An examination of the role of agroforestry in nutrient cycling in different ecosystems, with a focus on the two main nutrients, nitrogen and phosphorus, in smallholder maize based systems of Africa.
Maize agroforestry in Ghana
One of the main tenets of agroforestry is that trees enhance soil fertility, the capacity of the soil to provide essential nutrients for plant growth. There is often confusion between key terms such as nutrient inputs, nutrient outputs, nutrient balances, nutrient cycling and nutrient capital. They all refer to a soil-plant system, usually at the scale of the farmer's field. Nutrient inputs are additions originating from outside the system, such as nitrogen fixed from the air by legumes or the use of chemical fertilizers. Animal manures are inputs if the manure was produced outside the system Nutrient outputs are those that leave the system through crop harvest removals, soil erosion, leaching, gas volatilization and other processes. The nutrient balance is the difference between nutrient inputs and outputs. Nutrient cycling refers to the transfer of nutrients already in the soil plant system from one component to another, for example the release of nitrogen from soil organic matter as ammonium or nitrate and its subsequent uptake by plants.

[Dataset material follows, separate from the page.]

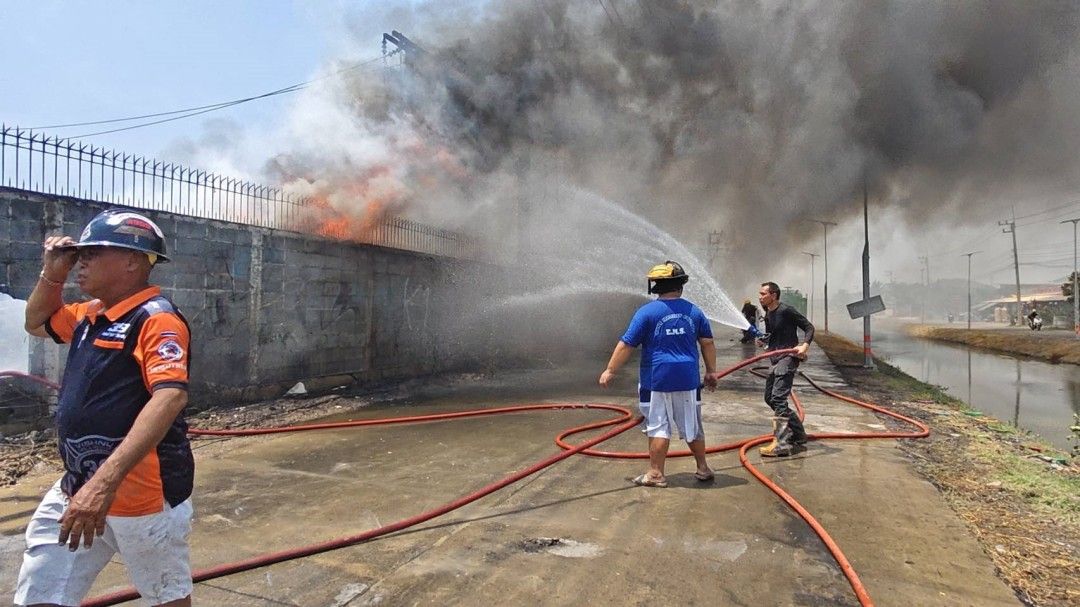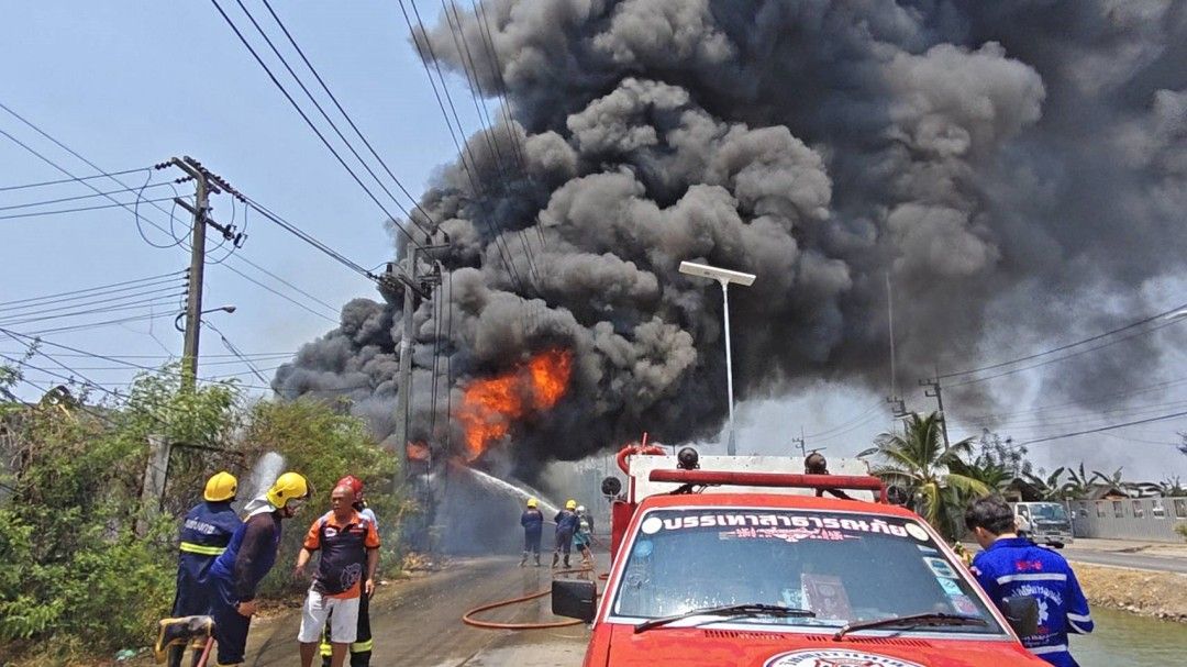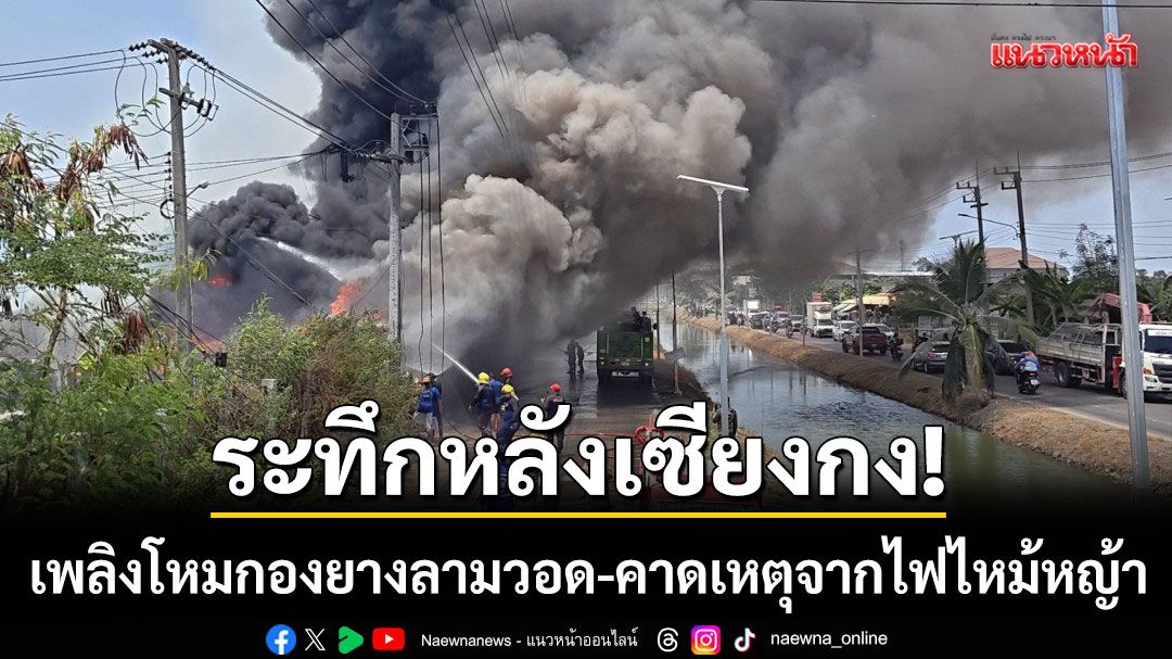 เพลิงไหม้กองยางหลังเซียงกงรังสิต! ลามวอดรถยนต์ 2 คัน กู้ภัยระดมทุบกำแพงสกัดไฟ คาดต้นเพลิงมาจากไฟไหม้หญ้า

Other processes involved in nutrient cycling are the return of crop residues such as stover back to the soil; manure and urine deposited by cattle in the system; the incorporation of leguminous green manures into the soil and the transfer of nutrients from trees to crops in agroforestry systems through prunings, leaf drop or root decomposition. The fewer the nutrient losses from the system, the fewer the inputs needed from outside the system to balance the budget. The nutrient capital refers to the soil reserves of nutrients that will be released gradually over a time scale of years or decades. This article first examines the role of agroforestry in nutrient cycling in different ecosystems and then focuses on the two main nutrients, nitrogen and phosphorus, in smallholder maize-based systems of Africa.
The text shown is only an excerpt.